- Directed by: Branko Đurić
- Written by: Branko Đurić
- Produced by: Janez Jauh
- Starring: Branko Đurić, Dragan Bjelogrlić, Tanja Ribič, Igor Samobor
- Cinematography: Sven Pepeonik
- Edited by: Miran Miošić
- Music by: Saša Lošić
- Release date: 2003;
- Running time: 98 minutes
- Language: Slovene/Serbo-Croatian

= Cheese and Jam =

Cheese and Jam (Kajmak in marmelada, also known as Cottage Cheese and Marmalade) is a 2003 comedy drama about the relationship between a Bosnian man and a Slovene woman in Slovenia, though the film begins by explaining it is about the stigmatized minority of any nation.

==Characters==
- Branko Đurić as Božo, the beer-drinking, football-watching, jobless guy from Bosnia.
- Tanja Ribič as Špela, his Slovene wife who loves him, but after some fights decides to leave.
- Dragan Bjelogrlić as Goran, Božo's criminal friend who finds the job for Božo when he asks him for help.

==Plot==

Špela, a younger Slovene woman lives with Bosnian boyfriend Božo. She has a job while Božo is unemployed and prefers staying at home, drinking beer and watching TV. After Špela leaves Božo because of his laziness and lack of will to find a job and moves back to her parents, he asks his friend Goran for help and gets a job as a Mickey Mouse impersonator at a local fair. A chance meeting with Špela leaves her less than impressed due to the simplicity of the job which seems ridiculous to her. Reluctantly, Božo accepts Goran's offer for a job involving smuggling illegal immigrants from Slovenia to Italy.

Goran loses his nerve and forces the immigrants to end their trip before they arrive to Italy - which doesn't go unnoticed by his boss after the immigrants are found by the police. After deceiving his boss, Goran is beaten, but he and Božo are offered a second chance: together with two thugs, they are to intimidate an innkeeper who had stopped paying protection money.
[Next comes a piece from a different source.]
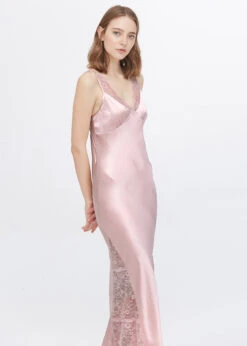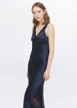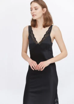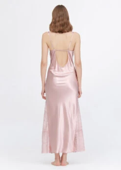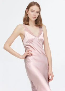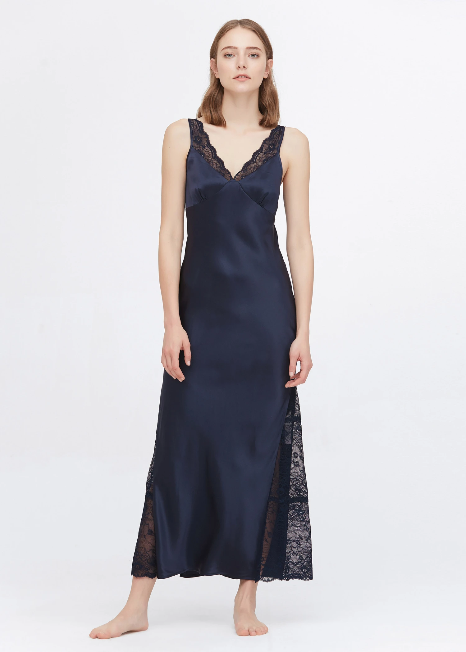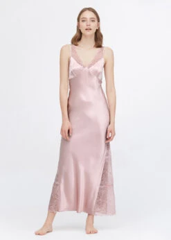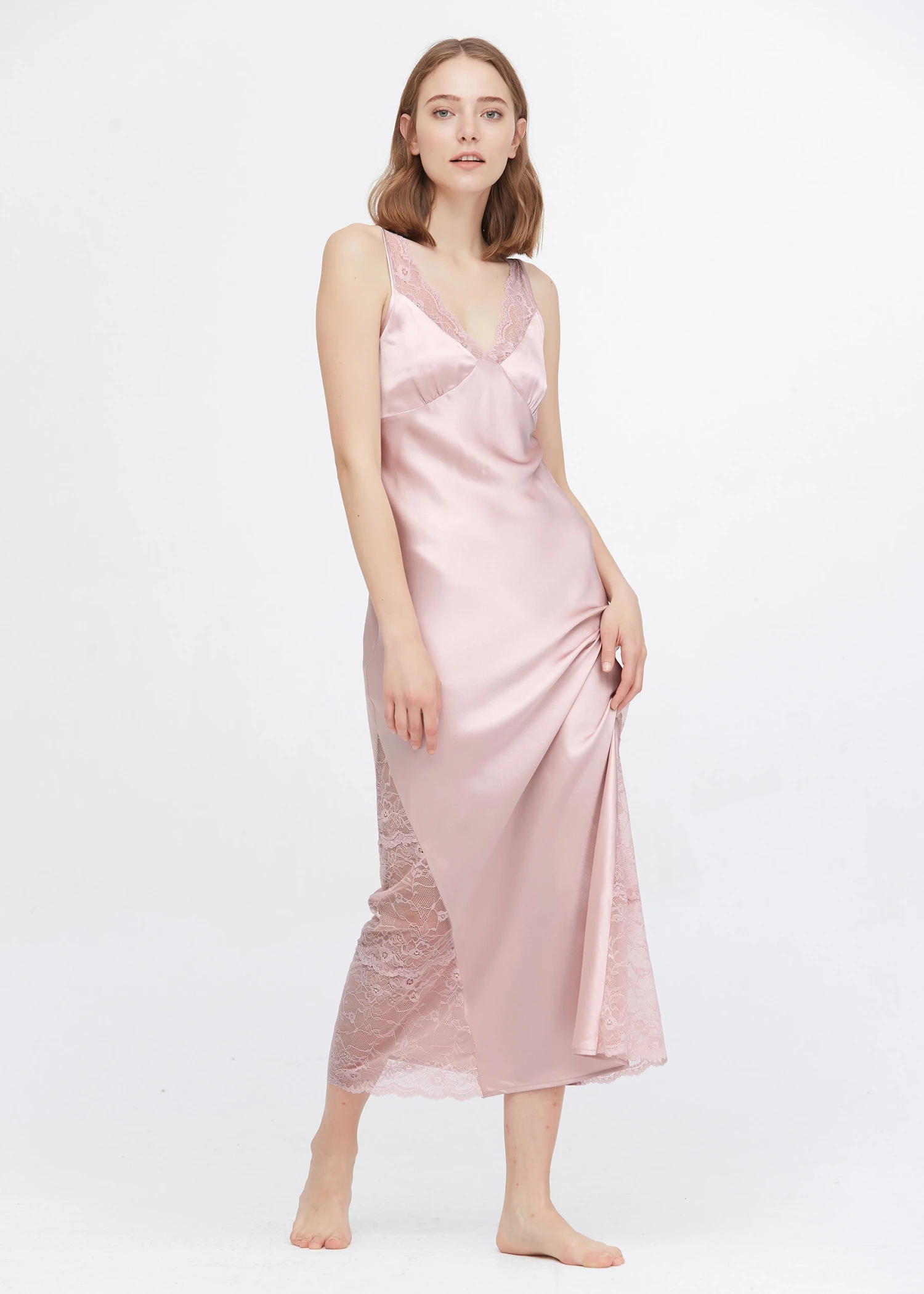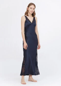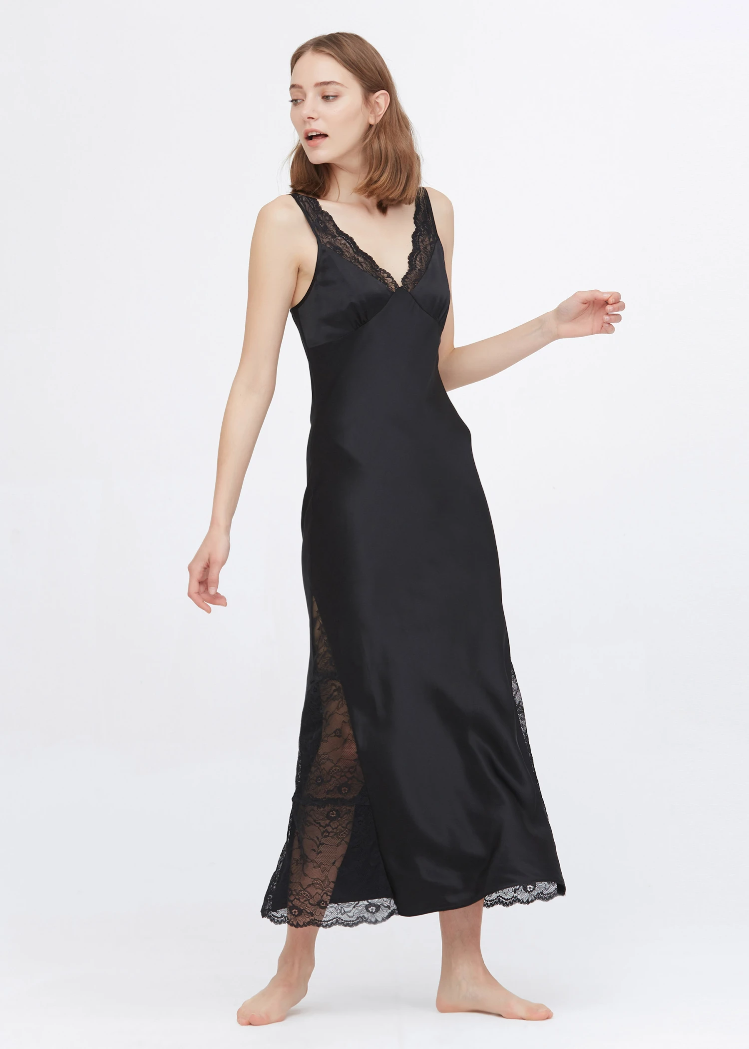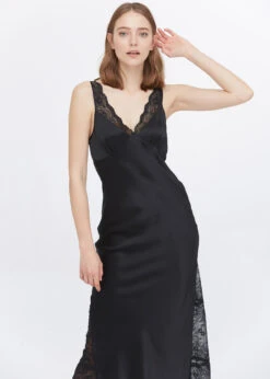 Feminine and classic, the Long Silk Nightdress with Lace Detail is the epitome of Hollywood glamour. With a plunging v-shaped neckline trimmed with delicate lace and side panel lace inserts, this silk nightdress is sure to flatter your body and make you feel good when wearing it. Ideal to wear to dinner or for evenings at home, this sumptuous nightdress can do it all.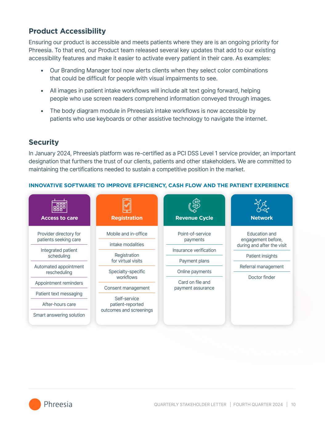 QUARTERLY STAKEHOLDER LETTER | FOURTH QUARTER 2024 | 10 Product Accessibility Ensuring our product is accessible and meets patients where they are is an ongoing priority for Phreesia. To that end, our Product team released several key updates that add to our existing accessibility features and make it easier to activate every patient in their care. As examples: • Our Branding Manager tool now alerts clients when they select color combinations that could be difficult for people with visual impairments to see. • All images in patient intake workflows will include alt text going forward, helping people who use screen readers comprehend information conveyed through images. • The body diagram module in Phreesia’s intake workflows is now accessible by patients who use keyboards or other assistive technology to navigate the internet. Security In January 2024, Phreesia’s platform was re-certified as a PCI DSS Level 1 service provider, an important designation that furthers the trust of our clients, patients and other stakeholders. We are committed to maintaining the certifications needed to sustain a competitive position in the market. INNOVATIVE SOFTWARE TO IMPROVE EFFICIENCY, CASH FLOW AND THE PATIENT EXPERIENCE Access to care Registration Revenue Cycle Network Provider directory for patients seeking care Integrated patient scheduling Automated appointment rescheduling Appointment reminders Patient text messaging After-hours care Smart answering solution Mobile and in-office intake modalities Registration for virtual visits Specialty-specific workflows Consent management Self-service patient-reported outcomes and screenings Point-of-service payments Insurance verification Payment plans Online payments Card on file and payment assurance Education and engagement before, during and after the visit Patient insights Referral management Doctor finder

Coincidentally, Špela is also there, celebrating her father's birthday. After the initial surprise she verbally attacks Božo for joining the criminals but she is immediately molested by one of the thugs. Seeing this, Božo attacks him with a bottle, causing the other one to pull out a gun and shoot Božo.

Following this incident, the thugs are arrested, Božo is taken to the hospital and Goran is beaten once again. After recovering from the wounds, Božo considers committing suicide, but changes his mind. Špela returns to him and tells him she is pregnant. The film ends with Božo, Špela and their daughter who are now a happy family.

== Release and reception ==

125,000 tickets were sold on the film's release to Slovenian cinemas and it currently holds the Slovenian record for domestic film attendance.

Branko Đurić won a Grand Golden Roll for the film.

Branko Đurić is the real life husband of Tanja Ribič. The role of Božo and Špela's daughter is played by their daughter, Zala Đurić-Ribič.